Hmmm….don’t know where the last post went, but to answer your question bear, Iowa. With the coming onslaught of economic recenetering, the change is going to be quite dramatic for those who lived largest of the credit/debt empire. For those particular areas, I suspect people will be less than pleasant whereas those who have lived more or less as the previous generations did will be much more enjoyable to be around.
“In any case, my wife’s sister’s ex-husband just lost his house in Hawthorne. Bought in ‘03 for 300k, rode it up to 600k, and it went for 206 at the auction. Not sure if the buyer did the right thing. It’s in the bad side of Hawthorne (next to the airport), ”

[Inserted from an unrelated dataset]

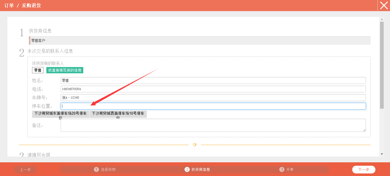 12、点击红色箭头所指的位置,选择目标停车位置。可根据实际情况填写“备注”,可填可不填。
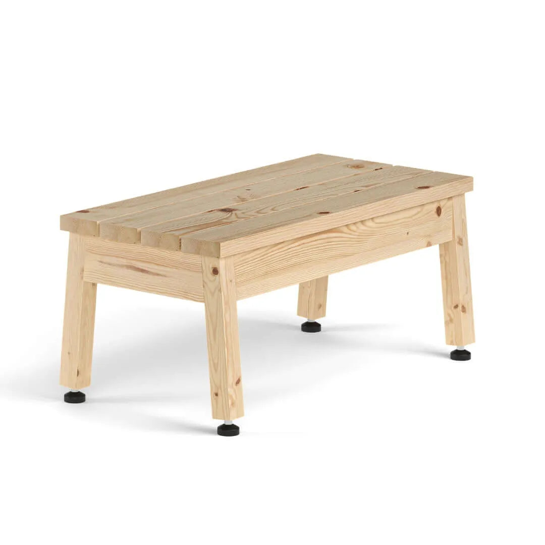 Saunahocker, Bänke, Tische und Saunabankpakete werden immer auf Bestellung handgefertigt in der Saunatalo-Fabrik in Orivesi. Die Lieferzeit beträgt ca. 2 Wochen ab Bestellung.

Hawthorne is 95% ‘bad’. It is a city with large expanses of apartments filled with section 8ers. The population is mostly lower income/marginal working class. Even at the peak of the bubble 2004-2007 hawthorne was always a crummy burg. There was some building of upscale townhomes/condos west of the 405 fwy which is the tiny ‘good’ part of hawthorne. They were being advertised for over $600.000 at peak but the location along busy LaCienega Blvd is simply crappy.

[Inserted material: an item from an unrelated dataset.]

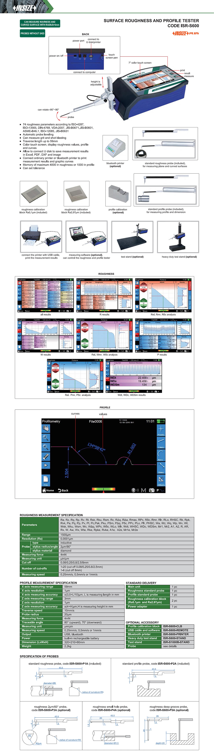 | ISR-S600 | 1500µm | 4mN | 2µm/90° | USB and bluetooth |

Auction for $206,000 for an REO is about right for hawthorne, which is only slightly better than Compton and as bad as Inglewood.
Apologies to all the long time faithful posters on bens blogsite for not posting more. Am the LA locational expert as some of you longtime posters such as Alad, Prof bear,Jas, bill in Carolina should know. One reason i don’t post so often is because i do not drive for a living anymore and am not quite up to date on ongoing LA/Scal housing &urban trends.
One thing i can tell you -October is shaping up to be a crushing month and things have gone dead all over especially retail. Expect CA UE rate to rachet up to over 10% by end of 2008. This would be the ‘official’ CA EDD rate. The real CA UE rate at end of 2008 will be over 15% if you include discouraged workers, part- time, temps, illegals, idle contractors, ect.
LA will trend slightly above the CA ‘official’ UE rate .
Hawthorne got a little better in the bubble era and relatively speaking it’s better than Compton, Watts, and Crenshaw. But then again, Afghanistan is probably better than Iraq, so being a little bit better than the neighboring ghetto doesn’t say much. I don’t even want to think about how bad those areas are going to be when the welfare payments are either reduced or when the rabid inflation basically reduces the welfare checks to nothing. Those areas are replete with experts in lawlessness and they can draw from several generations of institutional knowledge to make up for the lost difference. Couple that with reduced city services because of budget crisis, and Hawthorne is one area I would not want to be in day or night in a couple of years from now.
What are your thoughts about PV? The problem with that area is its proximity to the aforementioned areas. Criminals will merely commute the short distance up the hill to fetch what they want.
Well at least you missed out on the hot summer in Phoenix. My son moved from Oceanside to Phoenix four years ago. The wages/”benefits” are just so crappy in So Cal. He does miss the cooler weather but he has job that pays 25% more than what he had so there he stays. Plus his wife can stay home with their daughter. They did buy a little mobile home back then and paid about 15K cash for it. It’s cheaper than an apt. and they can have their two cats, have nice sized yard and community center w/pool. I wish you luck but we never found “it” there. We’re just glad we sold the house we bought back in 98 in Nov 2004, made a little money and got the hell out of Dodge back to No Cal.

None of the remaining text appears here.